Vitebsky takes great pains to faithfully capture the last, fading echoes of an ancient and mysterious culture. But I occasionally questioned to what extent he was embroidering his picture of the Eveny’s culture. As it is, his account provides a rich and fascinating picture of the Eveny’s shamanic/animist religious beliefs, their social mores (Eveny social interaction is governed by a “discretion in the face of the mystery of another human being’s existence”), and their rather unique and complex conception of animals. This is not a dry, academic book; Vitebsky presents a culture by introducing the reader to a community of individuals who he tracks over time in an at times soap-opera like fashion. By turns lyrical, learned, angry and funny, this wonder-filled book took me out of my world and broadened it.
February 2nd, 2008
Jim - South Madison
Jennifer Egan’s novel, The Keep, is a novel within a novel within a novel. The novel at the center is an attempt to update the old, early 19th century gothic novel. Which is a tall order, considering that these novels were never terribly plausible in their original form. If memory serves, they typically featured wayward daughters defiantly seeking to elope with true loves against the wishes of tyrannical fathers. I remember pages and pages of escape scenes, chases through tunnels, surprise reunions with mothers/brothers/cousins the daughter had presumed dead, and marriages based on true love and in defiance of the father.
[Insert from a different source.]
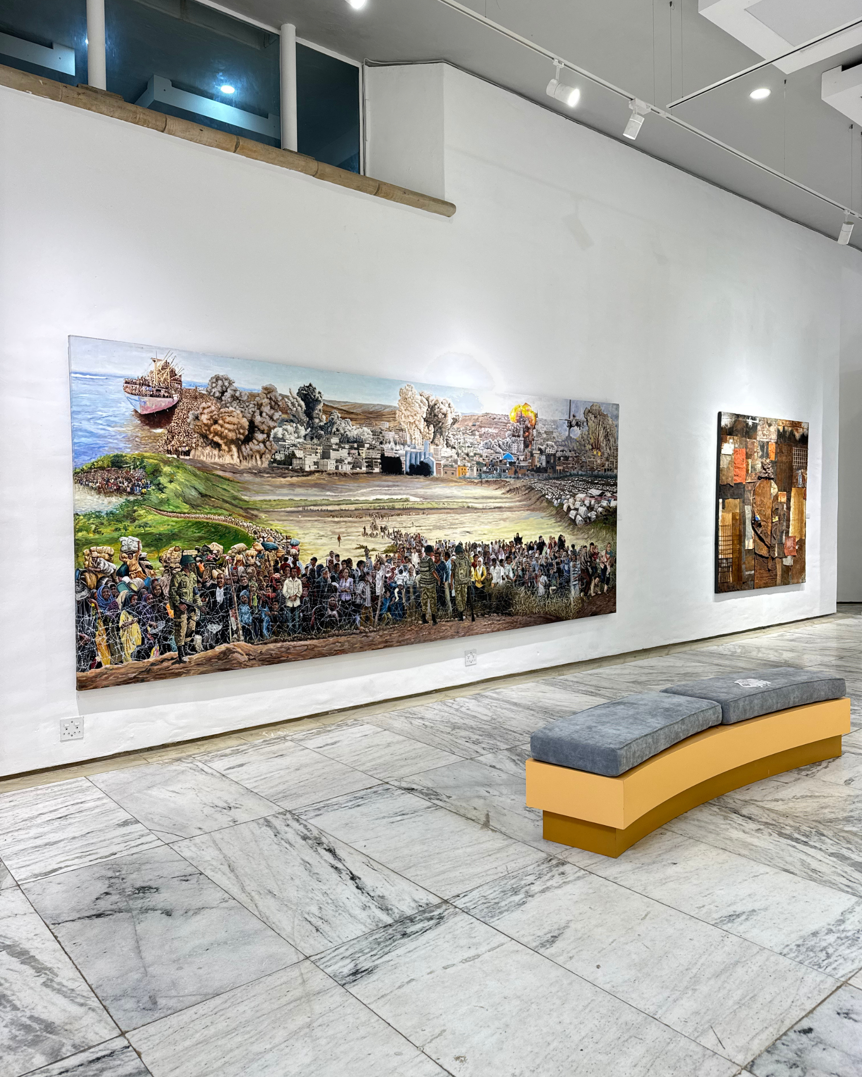 An unexpected irony emerged during preparations for its exhibition: Peace, an artwork depicting people held in uncertainty “between borders,” became delayed in its own transit. Its detention echoed the very themes Malulu addresses — movement, obstruction, and the systems that shape who or what is allowed to pass.
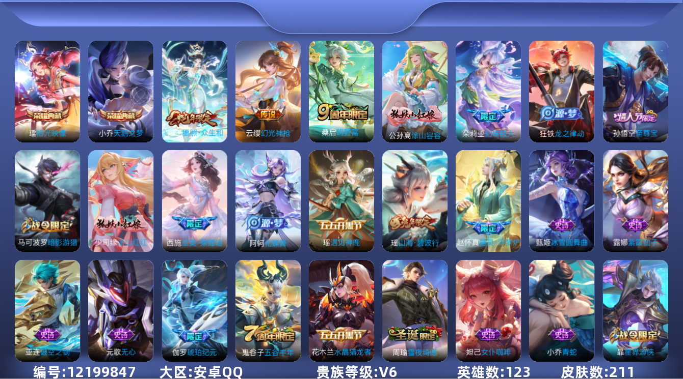 [12199847]V6 2典藏 3传说 123英雄 211皮肤 可修改实名 优质装备:天鹅之梦(小乔典藏),拾光映像(瑶典藏),涂山容容 传说皮:幻光神枪 珍宝阁皮:万物之道,蔷薇恋人 限定皮:愿照·众生和(妲己年限),鸣野蒿,至尊宝,山海·碧波行(瑶年限),至美·乘鲤谣,高山流水,五谷丰年 史诗皮:器灵·浮梦炉,化蝶舞,星界战将,龙之律动,茶境仙,幻珠鲛人,破空之剑,涂山红红,蒙犽顽岩魄,琥珀纪元伽罗,百相守梦-百里守约,遇见神鹿,紫霞仙子,江河有灵,雪夜绮愿(周瑜),百解令(蒙犽),冰冠公主,青蛇,偶像歌手,猫狗日记-孙策,女仆咖啡,摇滚巨星,水果甜心,绅士熊喵,星夜王子,心灵骇客,德古拉伯爵,心灵战警,舞动绿茵,地狱岩魂,拒霜思,缤纷独角兽,乘风破浪,逐浪之夏,月团寄思,水晶猎龙者,箭羽风息,金属风暴,原初追逐者,圣诞狂欢,圣诞恋歌,鹰眼统帅,魅力维加斯,无心

Kind of hard to update? It may be that Egan thought so since her update strays quite some distance from these plot elements. Her faux gothic story involves cousins Howard and Danny whose shared outsider status forges a strong childhood bond between them. That bond is ruptured when Danny does something nasty and life-threatening to Howard to gain the approval of a cool cousin. Years later, Danny is down on his luck and in need of refuge. Having nowhere else to turn, Danny accepts Howard’s offer to help him turn a mysterious old castle in a remote corner of Eastern Europe into a resort. Danny suspects Howard’s motivation and fears he’s falling into a trap. But with few options he accepts.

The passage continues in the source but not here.